Why Do We Gather?
Four reasons why church time together still matters
If we thought closing was difficult, reopening is proving to be even harder.
So much of our philosophy of church is at odds with our current reality. Our style of church has been built on being a place that makes people feel welcome and loved. They can even belong before they believe.
We do what we do for the sake of reaching people who don’t know Christ with the message of the gospel. This is coupled with a Pentecostal foundation that still prioritizes time around the altar and the laying on of hands for healing.
It’s hard to make people feel welcome when we have to take their temperature before they walk in the door. Amid the pandemic, there can be no handshakes or hugs, no hanging out in the lobby. There are no warm smiles, since they’re hidden behind masks. We can’t sit with people who are alone, since they have to be six feet from everyone else.
There is no ministry around the altar, and absolutely no laying on of hands. We no longer pass the offering plate as an act of worship or loiter in the sanctuary after services. Even singing is now regarded as questionable.
These jarring realities are forcing us to ask what all this is for. Have these practices become the essence of our faith? If they are not, why should we bother getting together at all?
This is a difficult time — not just churches, but for all industries and individuals. Every routine and relationship has been upended. Every family has been affected. Every nation has changed.
It is the greatest disruption we have faced in our lifetimes, and there’s no sign of it letting up. As the Church, we are blessed with the responsibility of being a place of hope and healing. But in this strange environment, where nothing can be as we have known it, why are we going to such great lengths just to gather?

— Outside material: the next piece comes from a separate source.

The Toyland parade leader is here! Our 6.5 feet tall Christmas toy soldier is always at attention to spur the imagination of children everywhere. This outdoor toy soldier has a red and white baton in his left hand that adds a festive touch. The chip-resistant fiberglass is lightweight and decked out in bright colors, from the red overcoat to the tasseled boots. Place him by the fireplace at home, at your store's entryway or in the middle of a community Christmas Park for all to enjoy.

Here are four reasons why, when it’s safe to do so, coming together for church still matters:
1. We come together to practice our faith. Many people remain hesitant to venture out, especially to unfamiliar places. That means this is not a time where we are seeing high numbers of visitors.
Perhaps the Church has become so visitor-driven, we have forgotten about the importance of the gathering of believers. We come together to do the things that strengthen us — to hear the preaching of the Word, to receive Communion together, to say the words of the creeds and songs that remind us of what we believe.Our time together inspires us to live out our faith as a beacon of hope in a discouraged world. This is part of our freedom of religion; this is part of the practice of our faith. We don’t do it because it’s well-produced, or even well-attended. We do it as an act of worship to God.

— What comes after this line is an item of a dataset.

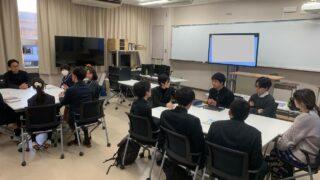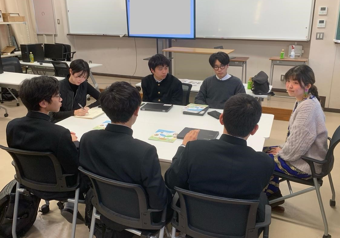 希望生徒10名が参加しました。2グループに分かれ、初めに「言語:言語とコミュニケーション」「社会:国家と制度」「個人:多文化共生とアイデンティティ」というキーワードの中から1つを出発点として、自由にディスカッションしていきました。予定の1時間を超えてゲストと語り合う生徒もいました。参加生徒からは、「深く議論できた」「思い切って主張したら視野が広がった」「世界に目を向けるきっかけになった」などの感想が聞かれました。両グループとも活発な雰囲気で、ゲストのお二人からは「生徒の目がキラキラしていて、元気をもらった。彼らの将来が楽しみ。」という言葉をいただきました。

Our praise takes on new meaning when we lift it up in the face of adversity.
2. We come together to be in His presence. I don’t mind leading worship on Facebook. I have done it multiple times every week since we shut down in March. But there is still something powerful about coming together in person, in His presence.
Jesus said, “Where two or three gather in my name, there am I with them” (Matthew 18:20). This is true even if we are spread out all over the room.

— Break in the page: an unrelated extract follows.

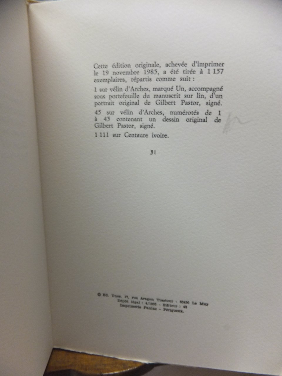 EDITIONS UNES 1985 - 6 SEDICESIMI SCIOLTI PP. 81 + 15- TIRATURA LIMITATA, ESEMPLARE 31 - BUONE CONDIZIONI, BRUNITURA AL DORSO/PIATTI.

I looked out this past Sunday and saw our faithful members wiping tears from their eyes as we sang the words, “Mercy is falling, falling. Lift up your hands, receive it now, here in the presence of the Lord.”
The sheer act of being together in His presence brings a special kind of joy and strength to weary hearts. As Pentecostals, the experience in His presence cannot be separated from the practice of our faith. We are people of the presence of God.
3. We come together to see lives changed. When I worked in banking, I regularly invited my co-workers to our church. Many visited, and some even became a part of the church.
One woman always seemed interested, but she never came. On one occasion, she even asked whether we had a women’s group. Over the past six years since I left the bank, I’ve made an effort to stay connected with her. I’ve gone to birthday parties and wedding showers. When I had a free coffee drink coupon, I would drop off her favorite drink. I stopped by every Easter and Christmas season and personally invited her and others.
In March, as the city shut down and panic set in, the woman started watching the worship sessions I would do in my living room on Facebook. Then she started watching our online service on Sunday mornings. Within a few weeks, she had joined a new Zoom small group for women. When we reopened, she came in person for the first time, mask and all.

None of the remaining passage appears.